Consider the parametric equations 𝑥 of 𝑡 is equal to 𝑡 cubed minus one and 𝑦 of 𝑡 is equal to 𝑡, where 𝑡 is greater than negative two and 𝑡 is less than one. Which of the following is the sketch of the given equations? Option (A), option (B), option (C), option (D), or option (E).
We’re given a pair of parametric equations, 𝑥 of 𝑡 is equal to 𝑡 cubed minus one and 𝑦 of 𝑡 is equal to 𝑡, where our values of 𝑡 range from negative two to one. We need to decide which of our graphs is the sketch of the curve of these parametric equations. To do this, we need to recall what we mean by parametric equations. We’re given functions 𝑥 of 𝑡 and 𝑦 of 𝑡. These take inputs of 𝑡 and tell us the 𝑥-coordinate and 𝑦-coordinate of our curve. So we need to substitute values of 𝑡 into both of these functions to find coordinates of our curve. We can then plot these on our graphs and see which of our curves matches with these values.

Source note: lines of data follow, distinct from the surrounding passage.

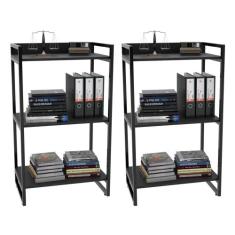 Kit 2 Estantes Livreiro Prisma Estilo Industrial 60cm 3 Prateleiras Onix - Mpozenato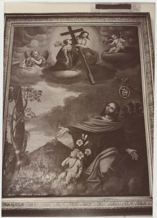 saint Joseph : prière ; Christ : La Croix ; Vierge ; ange : crâne, rameau, fléau ; écu ; fond de paysage : ville, château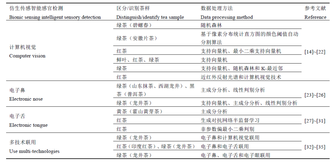 表1. 仿生传感智能感官检测技术在茶叶等级评价中的研究。

We can do this using a table. However, the first question we need to ask is, which values of 𝑡 should we use? Remember, the question tells us that our curve will only take inputs of 𝑡 greater than negative two and less than one. But remember, this means we can take values of 𝑡 very close to negative two and very close to one. So the endpoints of our curve will approach the values where 𝑡 is equal to negative two and 𝑡 is equal to one. So we’ll use these values in our table to help us find the endpoints of our curve. It then makes sense to just try using the integers values between these two values of 𝑡.
We now need to substitute these values of 𝑡 into our functions. Let’s start with negative two in 𝑥 of 𝑡. This gives us 𝑥 of negative two is equal to negative two cubed minus one. And if we evaluate this expression, we get negative nine. So when 𝑡 is negative two, 𝑥 of 𝑡 is negative nine. We can do the same with 𝑦 of 𝑡, but the function 𝑦 of 𝑡 is just equal to 𝑡. So we just get that 𝑦 of negative two is equal to negative two. So we’ve found the first endpoint of our parametric curve. It’s the point negative nine, negative two.
In fact, we can plot this point on all five of our graphs. We can see that only options (C) and (E) pass through this point. Since this point should be one of the endpoints of our curve, we can conclude that it can’t be options (A), (B), or (D). Let’s now find another coordinate. We’ll substitute 𝑡 is equal to negative one. We get 𝑥 of negative one is negative one cubed minus one and 𝑦 of negative one is equal to negative one. Evaluating these expressions, we get negative two, negative one. So we know that our parametric curve must pass through the point negative two, negative one.
Once again, we can plot this point on our curve. We see that options (A), (B), and (D) don’t pass through this point. However, both options (C) and (E) do pass through this point, so we’ll find another coordinate. This time, we’ll substitute 𝑡 is equal to zero. This gives us 𝑥 of zero is zero cubed minus one and 𝑦 of zero is equal to zero. Evaluating these, we get negative one, zero. So we know our parametric curve passes through the point negative one, zero. And plotting these on our curves, we can see both graphs (C) and (E) pass through this point.
We’ll do the same when 𝑡 is equal to one. We get 𝑥 of one is one cubed minus one and 𝑦 of one is one. Plotting this point on all of our graphs, we can see only the curves in options (C) and (E) pass through this point. In fact, we can see the curves in options (C) and (E) have exactly the same shape. So no matter how many values of 𝑡 we take, both curves will pass through the coordinates we get using this method. So to decide which of these two sketches is correct, we need to use another fact about how we sketch parametric curves.
When we sketch a parametric curve, we always do this by increasing our value of 𝑡. So when we were sketching this parametric curve, we would’ve started at the point negative nine, negative two and we would’ve increased our value of 𝑡 up to our endpoint zero, one. We represent this on a sketch by using arrows. We want to start at the point negative nine, two and end at the point zero, one. So our arrows should be pointing from negative nine, two to zero, one. And the arrows are only pointing in this direction in option (E). So the correct sketch must be option (E).
Therefore, we were able to show of the five possible sketches of the parametric curve defined by the equations 𝑥 of 𝑡 is equal to 𝑡 cubed minus one and 𝑦 of 𝑡 is equal to 𝑡, where 𝑡 is greater than negative two and 𝑡 is less than one, must be the curve given in option (E).